*Required action*:
Write the data out again exactly, with every picture removed.

Items listed in a dataset:
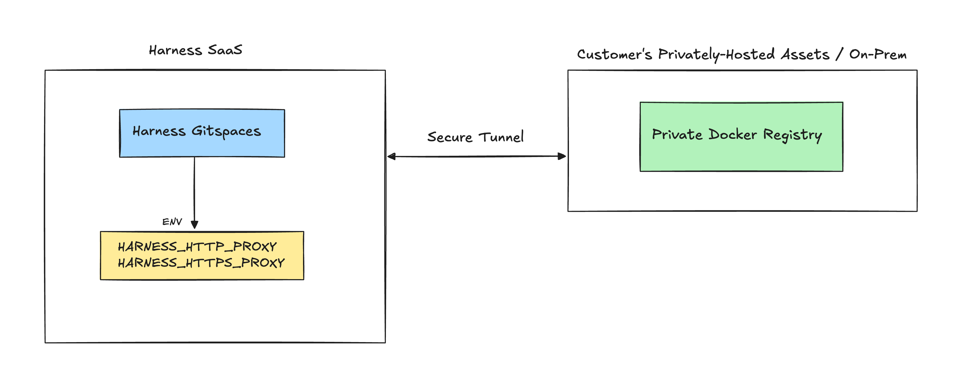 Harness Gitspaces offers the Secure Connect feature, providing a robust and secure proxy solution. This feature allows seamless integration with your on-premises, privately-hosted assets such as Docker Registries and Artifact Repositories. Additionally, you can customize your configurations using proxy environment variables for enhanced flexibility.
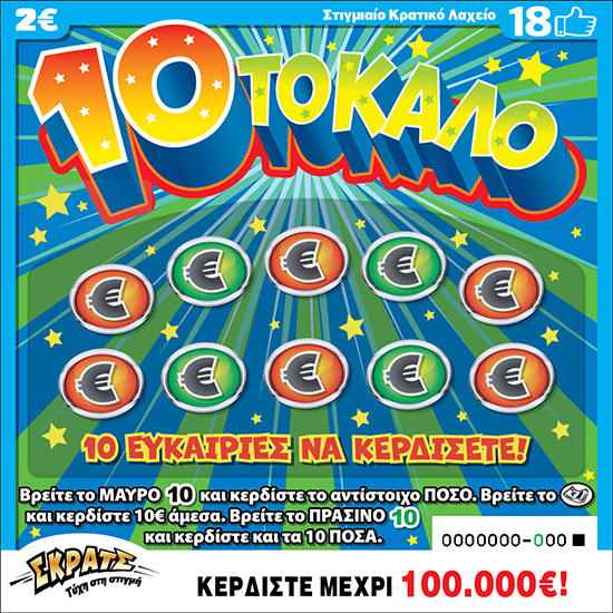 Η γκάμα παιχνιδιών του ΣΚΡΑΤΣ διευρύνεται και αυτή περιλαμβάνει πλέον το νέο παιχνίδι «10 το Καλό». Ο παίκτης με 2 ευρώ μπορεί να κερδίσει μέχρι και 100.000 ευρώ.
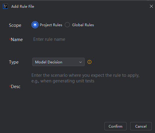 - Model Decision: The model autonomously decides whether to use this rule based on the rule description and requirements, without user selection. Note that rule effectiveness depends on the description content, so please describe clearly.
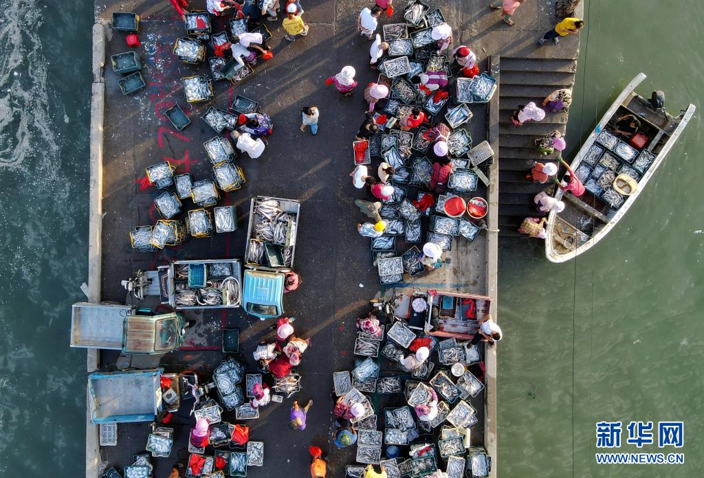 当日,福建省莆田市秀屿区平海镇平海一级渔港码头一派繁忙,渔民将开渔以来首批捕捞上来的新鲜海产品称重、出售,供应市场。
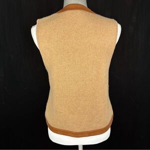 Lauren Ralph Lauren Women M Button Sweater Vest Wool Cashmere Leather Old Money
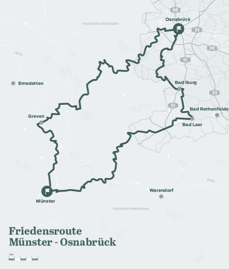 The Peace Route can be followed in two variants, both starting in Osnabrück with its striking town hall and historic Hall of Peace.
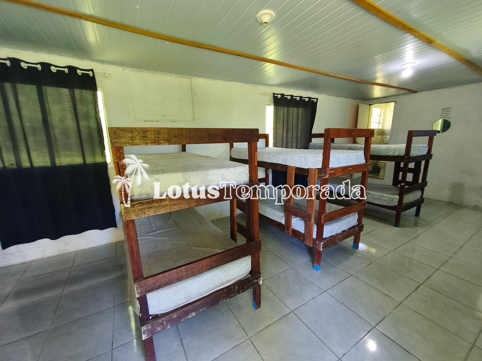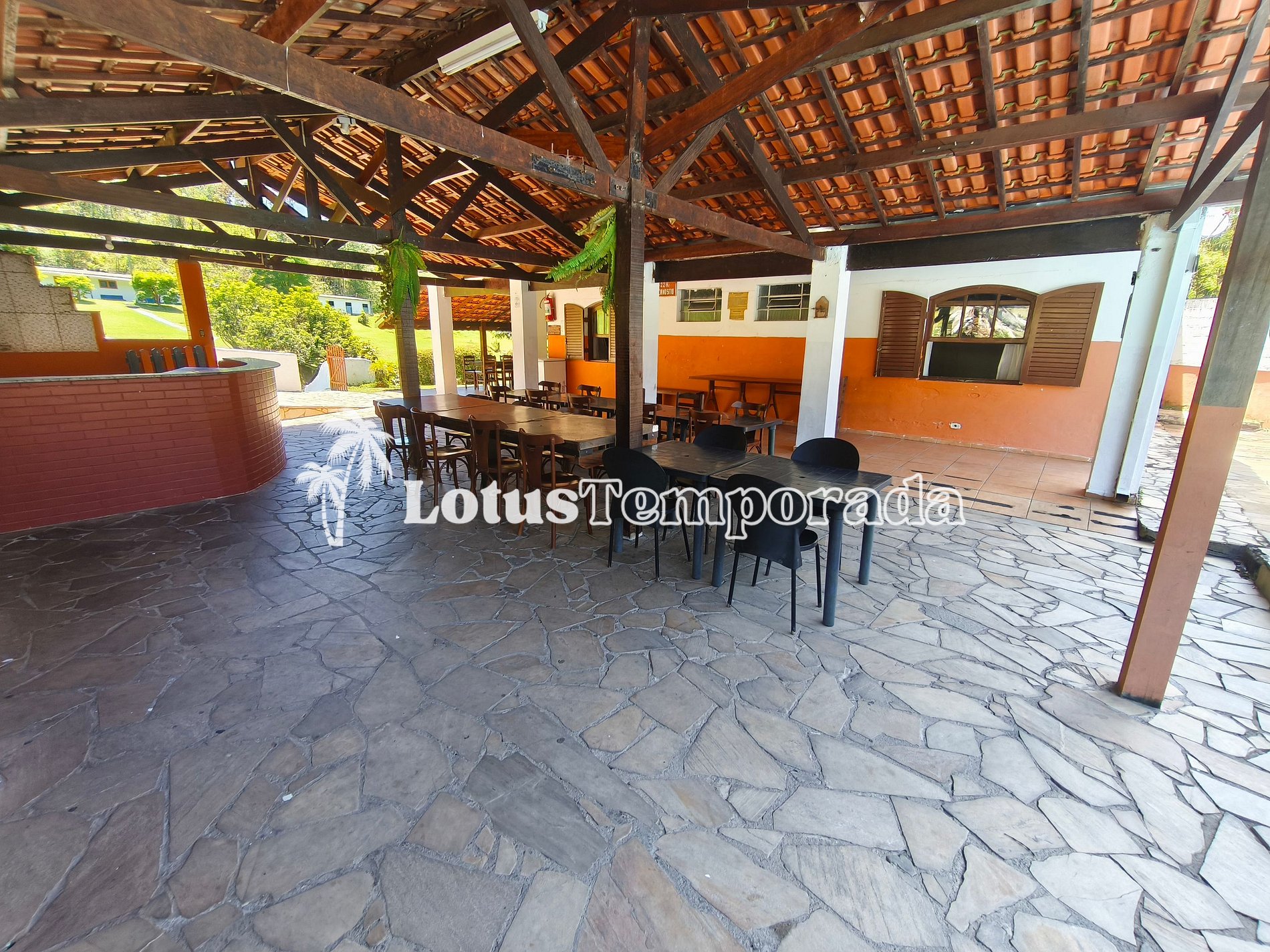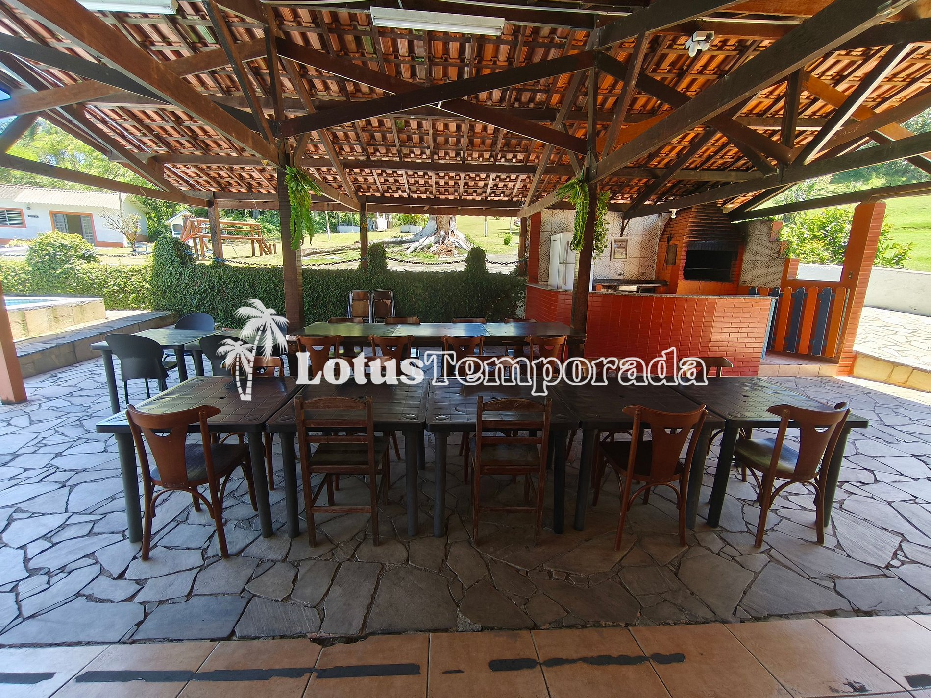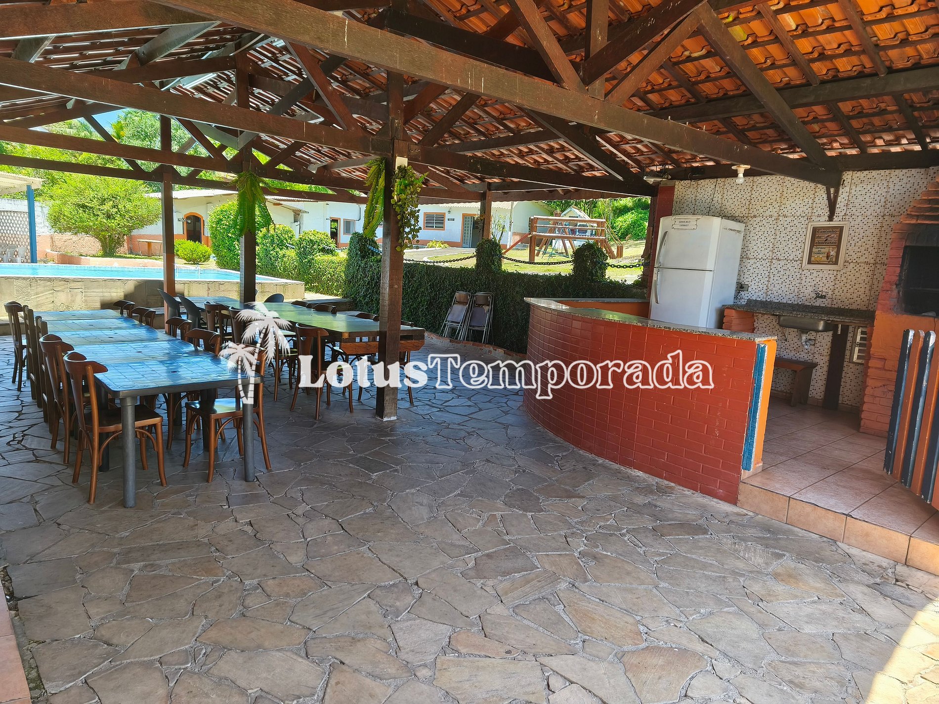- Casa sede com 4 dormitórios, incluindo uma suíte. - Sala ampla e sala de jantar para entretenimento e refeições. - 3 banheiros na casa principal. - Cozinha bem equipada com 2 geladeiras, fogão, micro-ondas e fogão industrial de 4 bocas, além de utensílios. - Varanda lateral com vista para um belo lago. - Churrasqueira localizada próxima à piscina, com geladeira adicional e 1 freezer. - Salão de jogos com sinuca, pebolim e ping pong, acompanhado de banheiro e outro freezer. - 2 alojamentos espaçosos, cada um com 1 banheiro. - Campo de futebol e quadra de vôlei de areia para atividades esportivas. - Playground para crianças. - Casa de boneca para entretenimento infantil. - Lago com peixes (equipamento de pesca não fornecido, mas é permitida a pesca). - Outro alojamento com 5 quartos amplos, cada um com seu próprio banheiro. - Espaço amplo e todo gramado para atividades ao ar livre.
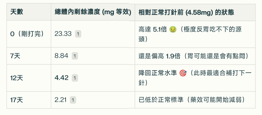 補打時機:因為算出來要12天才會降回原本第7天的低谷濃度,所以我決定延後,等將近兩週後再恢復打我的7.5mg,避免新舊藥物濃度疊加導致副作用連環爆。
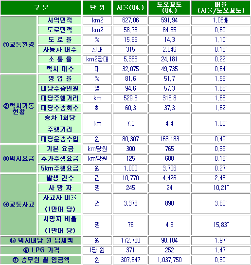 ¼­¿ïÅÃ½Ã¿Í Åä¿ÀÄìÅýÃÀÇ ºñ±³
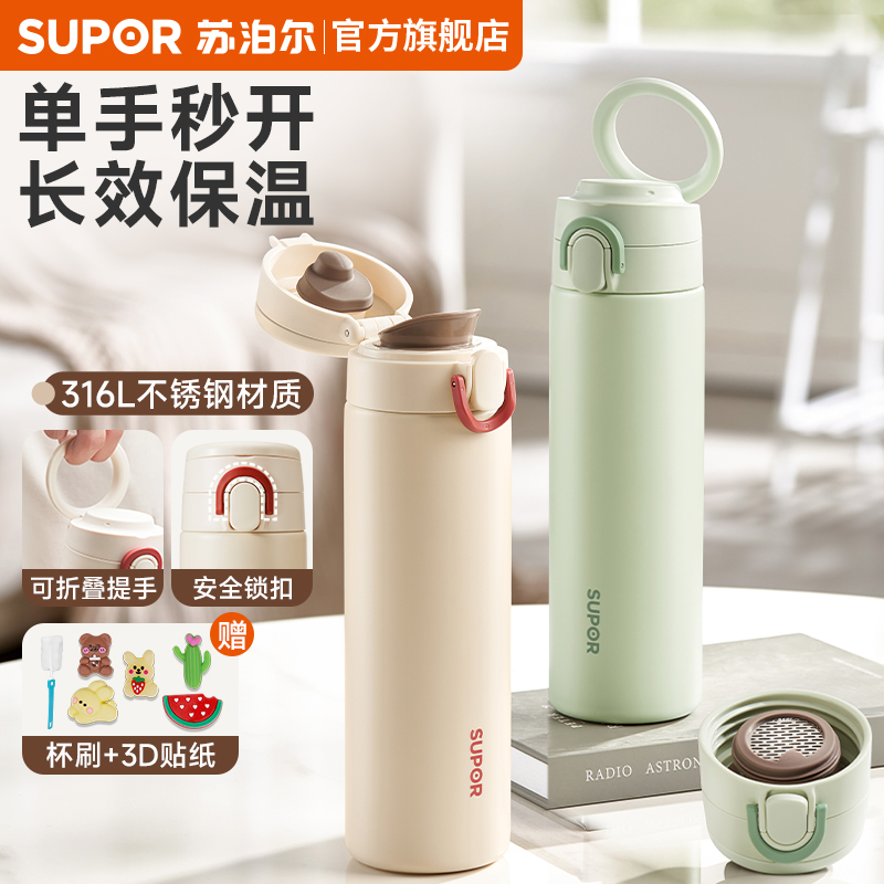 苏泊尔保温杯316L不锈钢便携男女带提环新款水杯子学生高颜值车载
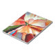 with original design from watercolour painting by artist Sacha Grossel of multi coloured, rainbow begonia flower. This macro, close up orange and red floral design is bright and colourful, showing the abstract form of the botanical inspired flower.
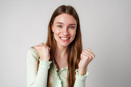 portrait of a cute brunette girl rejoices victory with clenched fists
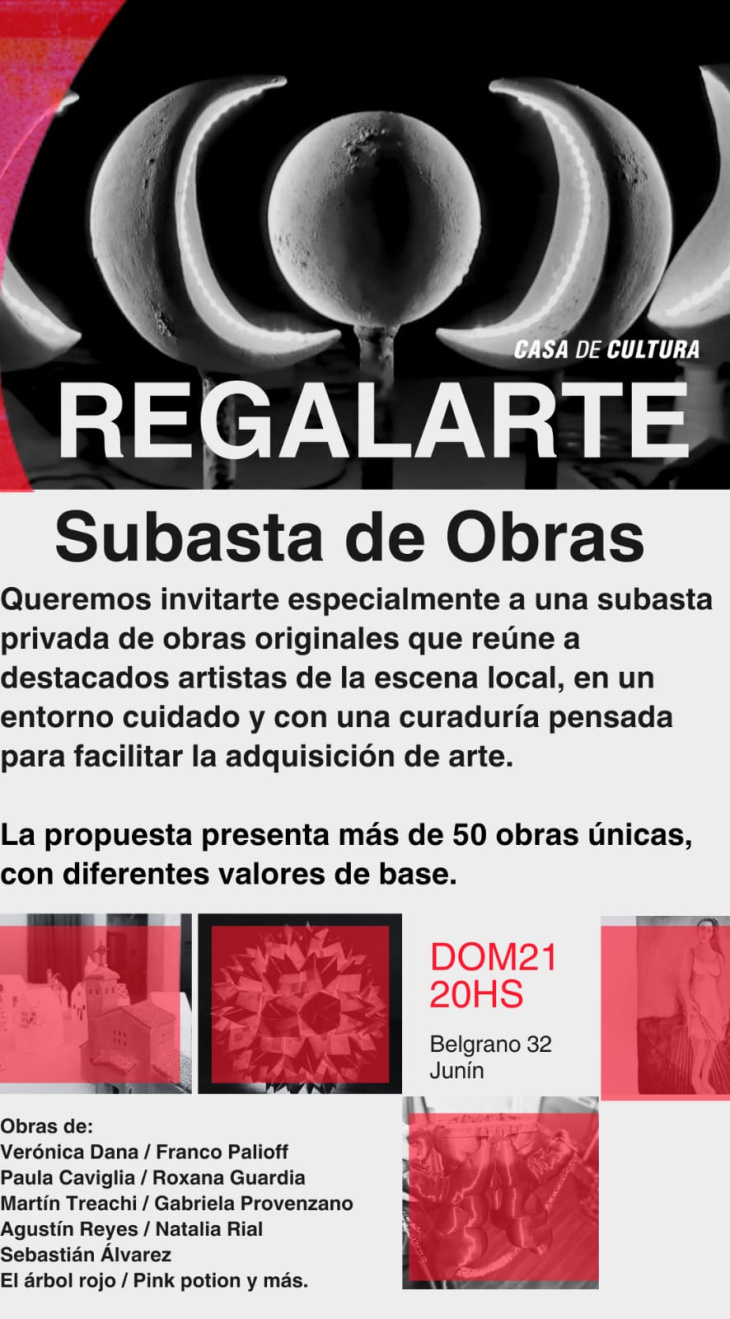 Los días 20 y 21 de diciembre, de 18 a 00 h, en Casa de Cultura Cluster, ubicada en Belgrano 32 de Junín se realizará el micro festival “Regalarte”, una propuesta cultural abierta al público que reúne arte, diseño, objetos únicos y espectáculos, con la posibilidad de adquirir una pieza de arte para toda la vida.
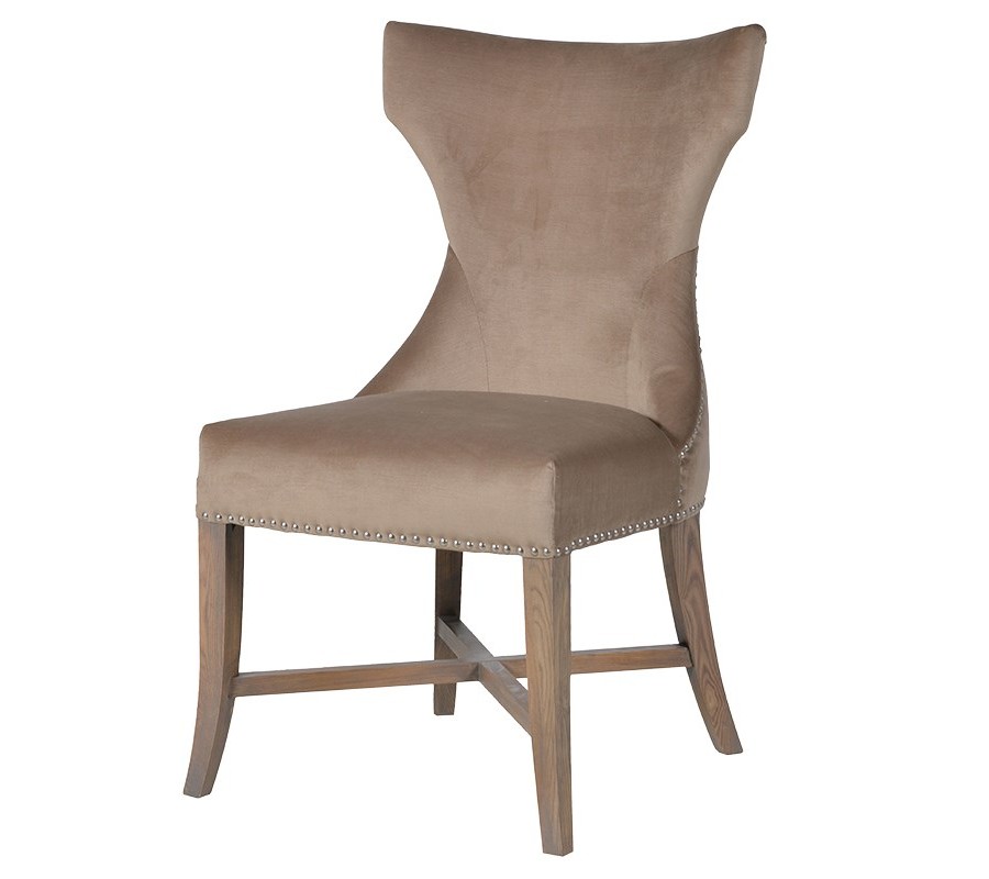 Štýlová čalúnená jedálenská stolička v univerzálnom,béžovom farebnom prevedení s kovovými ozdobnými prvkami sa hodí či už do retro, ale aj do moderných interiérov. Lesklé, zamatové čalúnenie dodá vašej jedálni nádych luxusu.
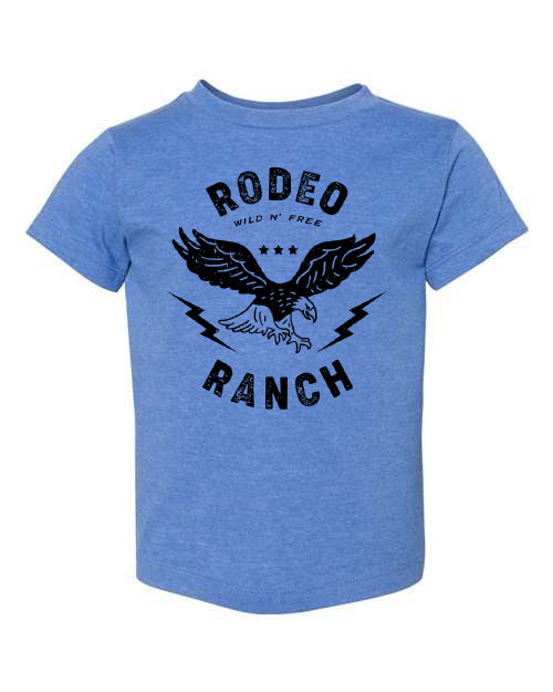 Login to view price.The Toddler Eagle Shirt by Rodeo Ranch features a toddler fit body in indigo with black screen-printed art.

*Exercise solution*:
 Harness Gitspaces offers the Secure Connect feature, providing a robust and secure proxy solution. This feature allows seamless integration with your on-premises, privately-hosted assets such as Docker Registries and Artifact Repositories. Additionally, you can customize your configurations using proxy environment variables for enhanced flexibility.
 Η γκάμα παιχνιδιών του ΣΚΡΑΤΣ διευρύνεται και αυτή περιλαμβάνει πλέον το νέο παιχνίδι «10 το Καλό». Ο παίκτης με 2 ευρώ μπορεί να κερδίσει μέχρι και 100.000 ευρώ.
 - Model Decision: The model autonomously decides whether to use this rule based on the rule description and requirements, without user selection. Note that rule effectiveness depends on the description content, so please describe clearly.
 当日,福建省莆田市秀屿区平海镇平海一级渔港码头一派繁忙,渔民将开渔以来首批捕捞上来的新鲜海产品称重、出售,供应市场。
 Lauren Ralph Lauren Women M Button Sweater Vest Wool Cashmere Leather Old Money
 The Peace Route can be followed in two variants, both starting in Osnabrück with its striking town hall and historic Hall of Peace.
- Casa sede com 4 dormitórios, incluindo uma suíte. - Sala ampla e sala de jantar para entretenimento e refeições. - 3 banheiros na casa principal. - Cozinha bem equipada com 2 geladeiras, fogão, micro-ondas e fogão industrial de 4 bocas, além de utensílios. - Varanda lateral com vista para um belo lago. - Churrasqueira localizada próxima à piscina, com geladeira adicional e 1 freezer. - Salão de jogos com sinuca, pebolim e ping pong, acompanhado de banheiro e outro freezer. - 2 alojamentos espaçosos, cada um com 1 banheiro. - Campo de futebol e quadra de vôlei de areia para atividades esportivas. - Playground para crianças. - Casa de boneca para entretenimento infantil. - Lago com peixes (equipamento de pesca não fornecido, mas é permitida a pesca). - Outro alojamento com 5 quartos amplos, cada um com seu próprio banheiro. - Espaço amplo e todo gramado para atividades ao ar livre.
 補打時機:因為算出來要12天才會降回原本第7天的低谷濃度,所以我決定延後,等將近兩週後再恢復打我的7.5mg,避免新舊藥物濃度疊加導致副作用連環爆。
 ¼­¿ïÅÃ½Ã¿Í Åä¿ÀÄìÅýÃÀÇ ºñ±³
 苏泊尔保温杯316L不锈钢便携男女带提环新款水杯子学生高颜值车载
 with original design from watercolour painting by artist Sacha Grossel of multi coloured, rainbow begonia flower. This macro, close up orange and red floral design is bright and colourful, showing the abstract form of the botanical inspired flower.
 portrait of a cute brunette girl rejoices victory with clenched fists
 Los días 20 y 21 de diciembre, de 18 a 00 h, en Casa de Cultura Cluster, ubicada en Belgrano 32 de Junín se realizará el micro festival “Regalarte”, una propuesta cultural abierta al público que reúne arte, diseño, objetos únicos y espectáculos, con la posibilidad de adquirir una pieza de arte para toda la vida.
 Štýlová čalúnená jedálenská stolička v univerzálnom,béžovom farebnom prevedení s kovovými ozdobnými prvkami sa hodí či už do retro, ale aj do moderných interiérov. Lesklé, zamatové čalúnenie dodá vašej jedálni nádych luxusu.
 Login to view price.The Toddler Eagle Shirt by Rodeo Ranch features a toddler fit body in indigo with black screen-printed art.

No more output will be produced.